● ENTRIES SHOWN:
=== Section Start ===

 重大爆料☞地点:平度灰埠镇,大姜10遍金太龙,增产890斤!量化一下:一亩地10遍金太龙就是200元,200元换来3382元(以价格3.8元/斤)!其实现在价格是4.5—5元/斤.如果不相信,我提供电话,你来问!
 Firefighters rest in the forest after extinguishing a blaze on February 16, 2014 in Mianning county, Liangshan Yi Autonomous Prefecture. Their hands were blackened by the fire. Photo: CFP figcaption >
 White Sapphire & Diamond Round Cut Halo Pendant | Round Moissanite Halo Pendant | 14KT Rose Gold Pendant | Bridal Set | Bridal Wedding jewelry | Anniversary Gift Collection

=== Section End ===
=== Section Start ===

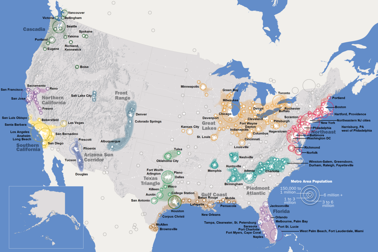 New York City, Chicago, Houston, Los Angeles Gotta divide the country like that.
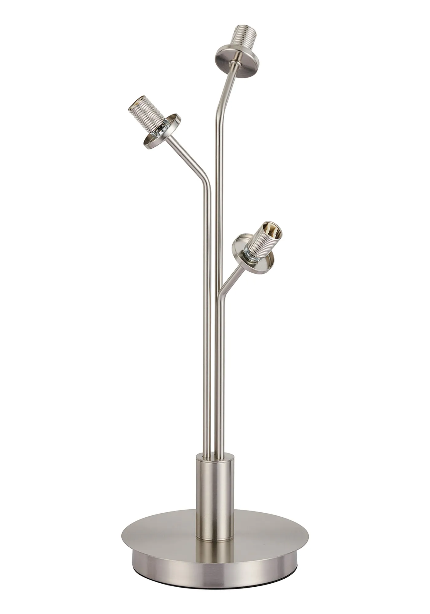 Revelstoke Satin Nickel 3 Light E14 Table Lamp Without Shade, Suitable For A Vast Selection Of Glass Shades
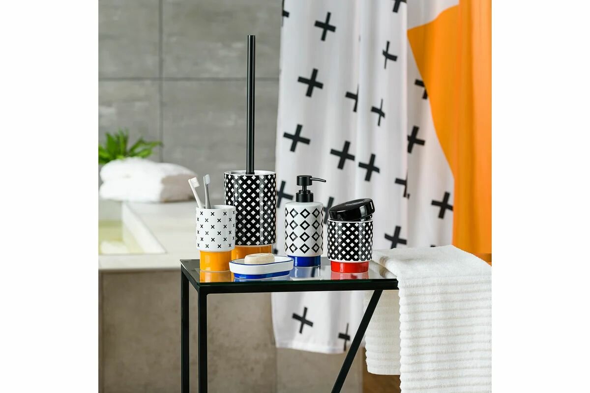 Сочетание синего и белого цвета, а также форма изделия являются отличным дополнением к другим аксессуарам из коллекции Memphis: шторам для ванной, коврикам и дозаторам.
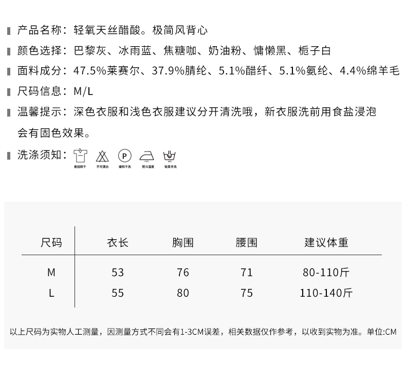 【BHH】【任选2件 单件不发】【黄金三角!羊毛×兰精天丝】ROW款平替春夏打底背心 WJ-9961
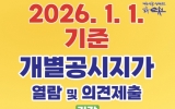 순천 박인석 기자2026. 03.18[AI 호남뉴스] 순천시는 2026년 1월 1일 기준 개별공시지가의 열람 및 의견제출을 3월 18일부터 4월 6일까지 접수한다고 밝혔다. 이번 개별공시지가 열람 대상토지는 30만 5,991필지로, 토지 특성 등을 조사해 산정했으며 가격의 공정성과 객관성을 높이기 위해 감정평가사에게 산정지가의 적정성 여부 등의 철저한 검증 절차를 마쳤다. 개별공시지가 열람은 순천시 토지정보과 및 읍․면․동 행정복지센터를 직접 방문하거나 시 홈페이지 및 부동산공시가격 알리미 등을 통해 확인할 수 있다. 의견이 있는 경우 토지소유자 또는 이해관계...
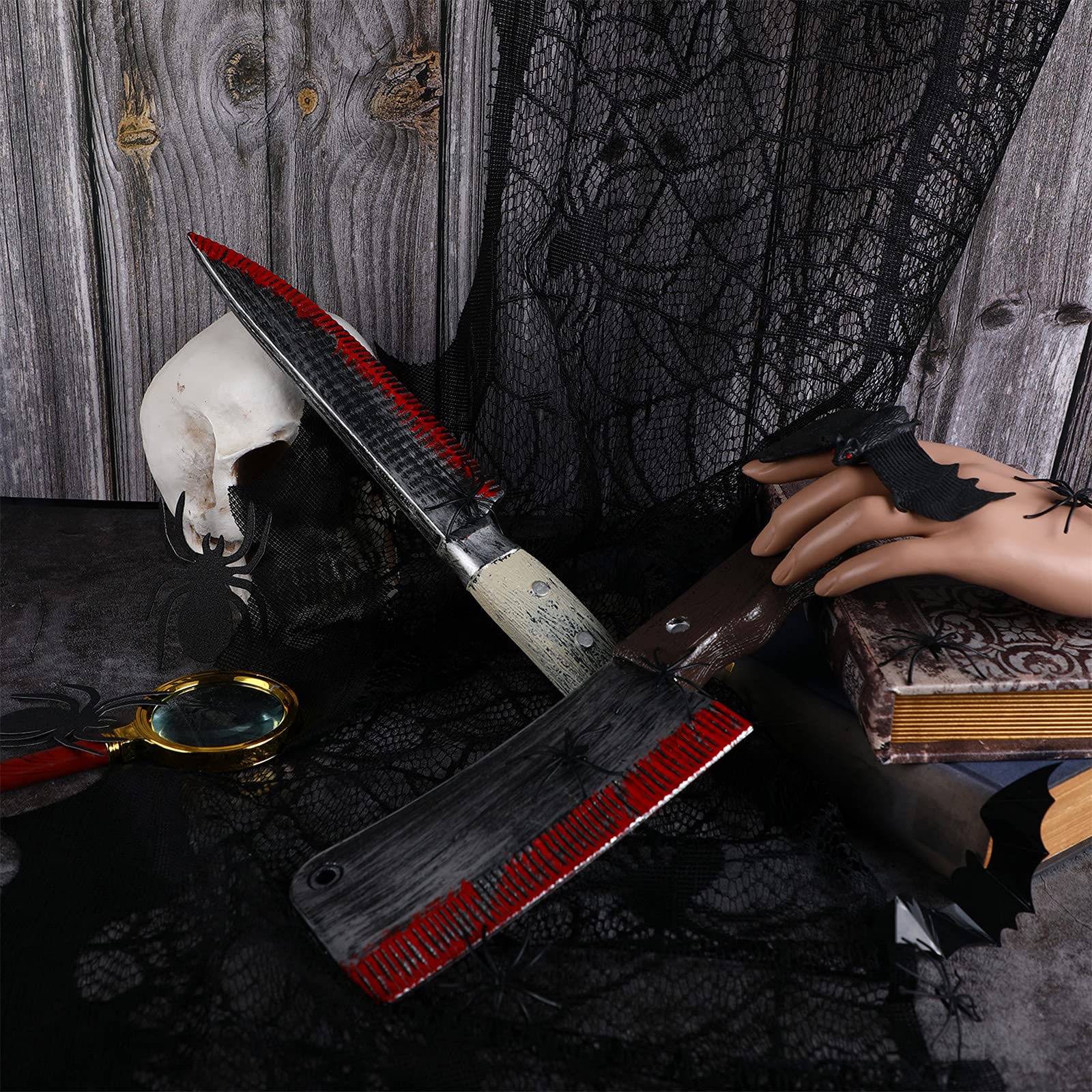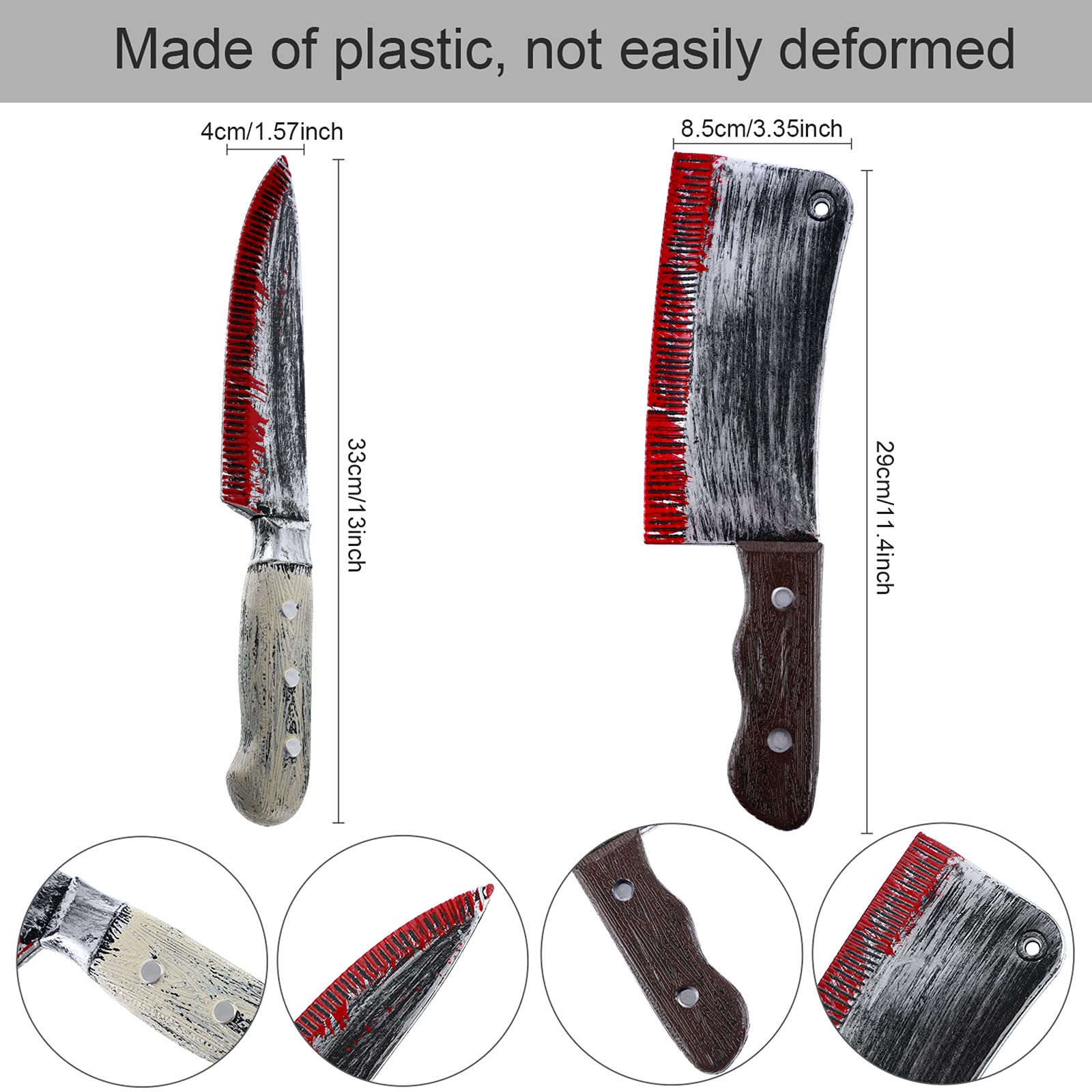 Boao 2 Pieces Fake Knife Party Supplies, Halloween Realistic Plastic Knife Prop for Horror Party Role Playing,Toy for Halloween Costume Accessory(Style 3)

=== Section End ===
=== Section Start ===

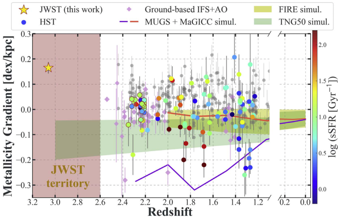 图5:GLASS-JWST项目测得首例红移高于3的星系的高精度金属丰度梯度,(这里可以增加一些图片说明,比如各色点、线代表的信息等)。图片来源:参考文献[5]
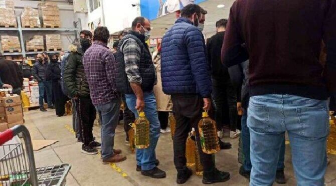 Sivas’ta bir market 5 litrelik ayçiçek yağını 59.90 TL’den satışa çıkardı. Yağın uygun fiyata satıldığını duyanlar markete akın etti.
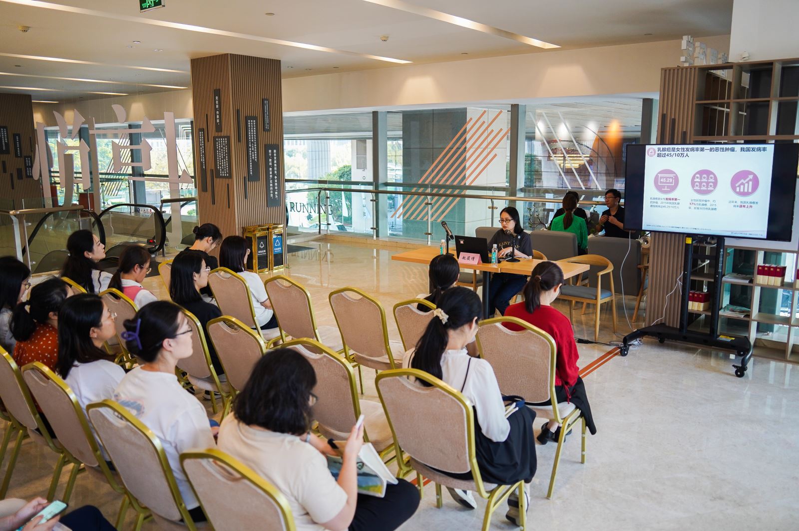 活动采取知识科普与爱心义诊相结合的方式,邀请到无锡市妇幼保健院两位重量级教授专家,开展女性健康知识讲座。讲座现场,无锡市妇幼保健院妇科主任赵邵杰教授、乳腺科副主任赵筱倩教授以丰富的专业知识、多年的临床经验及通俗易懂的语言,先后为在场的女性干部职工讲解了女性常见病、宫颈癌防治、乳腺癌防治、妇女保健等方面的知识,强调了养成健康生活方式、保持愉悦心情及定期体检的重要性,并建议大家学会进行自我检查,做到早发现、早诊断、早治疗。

=== Section End ===

● WORK INSTRUCTIONS:
Could you retype exactly the lines above, starting at the line that contains "重大爆料☞地点:平度灰埠镇,大姜10遍金" and ending at the line that contains "White Sapphire &", and nothing more?

● SOLUTION FOR THIS EXERCISE:
 重大爆料☞地点:平度灰埠镇,大姜10遍金太龙,增产890斤!量化一下:一亩地10遍金太龙就是200元,200元换来3382元(以价格3.8元/斤)!其实现在价格是4.5—5元/斤.如果不相信,我提供电话,你来问!
 Firefighters rest in the forest after extinguishing a blaze on February 16, 2014 in Mianning county, Liangshan Yi Autonomous Prefecture. Their hands were blackened by the fire. Photo: CFP figcaption >
 White Sapphire & Diamond Round Cut Halo Pendant | Round Moissanite Halo Pendant | 14KT Rose Gold Pendant | Bridal Set | Bridal Wedding jewelry | Anniversary Gift Collection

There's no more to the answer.